Pellizotti raced the last six years with team Liquigas. Last year, he finished third overall at the Giro d’Italia and won the mountains competition at the Tour de France in 2009.

His team search is precarious, though, because the UCI may try to block his return. He last raced on May 1 at the GP Larciano because two days later, the UCI announced that he had suspicious biological passport readings.

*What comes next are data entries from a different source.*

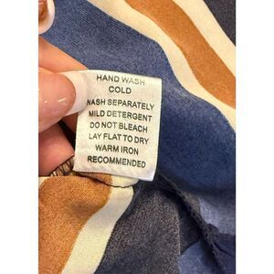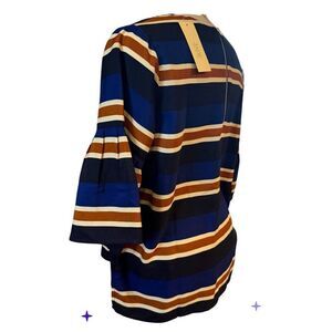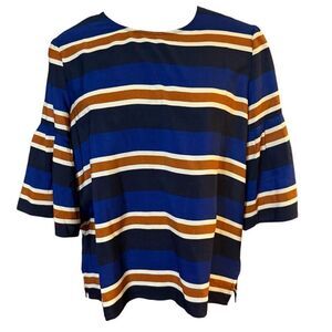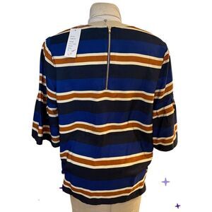 Sporty blue and brown stripe top by Jade. Size XL. Round neck and elbow length sleeves. Back zip. New with tags.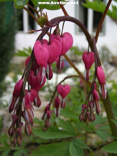 Vytrvalá, 30 až 90 cm vysoká bylina. Lodyha přímá, lysá, někdy načervenalá. Listy 2 až 3 trojčetné, řapíkaté, lysé, lístky obvejčité, zubaté. Květy v jednostranných obloukovitě ohnutých hroznech v počtu 5 až 15, nící, srdcovitého tvaru, zploštělé, vnější korunní lístky na bázi vakovité, s nazpět ohnutou ostruhou, červeně růžové, zřídka bílé, vnitřní vyčnívají z květu. Kvete v květen až červen.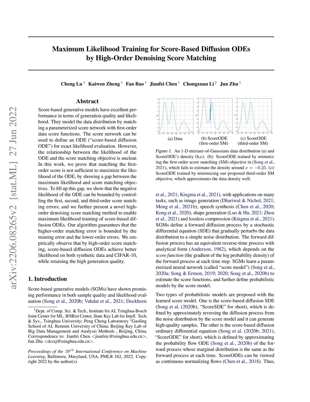 Maximum Likelihood Training for Score-Based Diffusion ODEs by High-Order Denoising Score Matching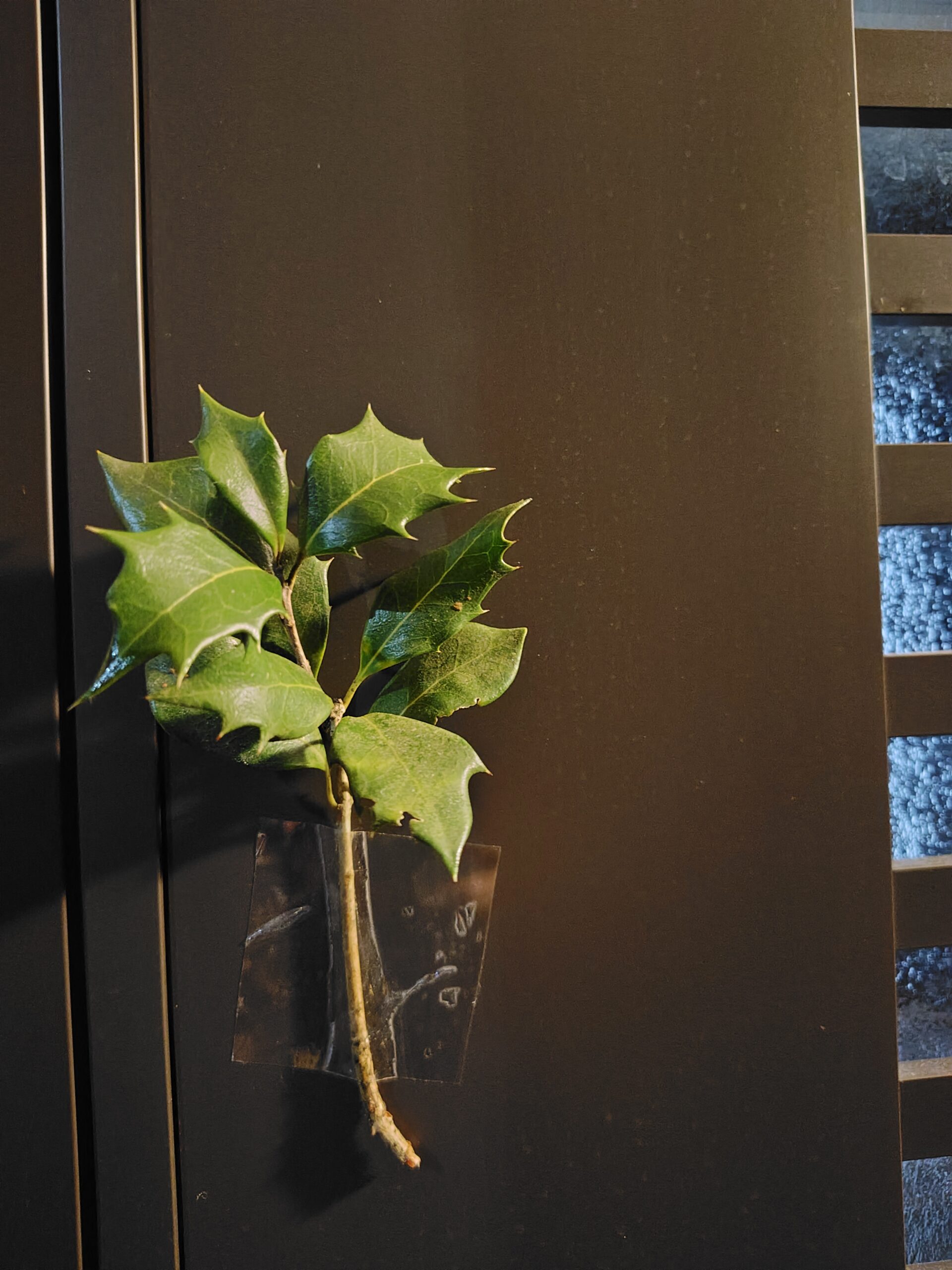 本当は、イワシの頭をヒイラギに刺すんだけど、すぐにカラスが来ちゃうので、ヒイラギだけで鬼さんから守ってもらいます(アツカマシイ😅)

It plotted the values of Pellizotti’s 22 anti-doping controls and spotted three that suspiciously stood out. It passed the information on to the Italian Olympic Committee (CONI), who agreed and recommended a two-year ban. The Italian anti-doping tribunal (TNA) didn’t agree, though, and acquitted him on October 21.

“There is not a sufficient level of certainty,” said the TNA, “to consider the accused cyclist of the crimes.”

The UCI is now likely to appeal the TNA’s decision to the Court of Arbitration for Sport (CAS) as it did with Tadej Valjavec. The UCI also stopped Valjavec on May 3 for suspicious biological passport readings, but his Slovenian national federation acquitted him. His future now is in the hands of the CAS. If the CAS rules in favour of the UCI, it will end Valjavec’s career and Pellizotti’s hopes. If not, the biological passport will come under threat.

Pellizotti maintains his innocence. He said that the suspicious readings were due to altitude training and not something sinister, like blood doping. Pending a UCI appeal and a possible suspension, he is free to race.

“Franco has a certain value,” Carera said, “but when the situation is not clear it is not easy for anyone, Franco included.”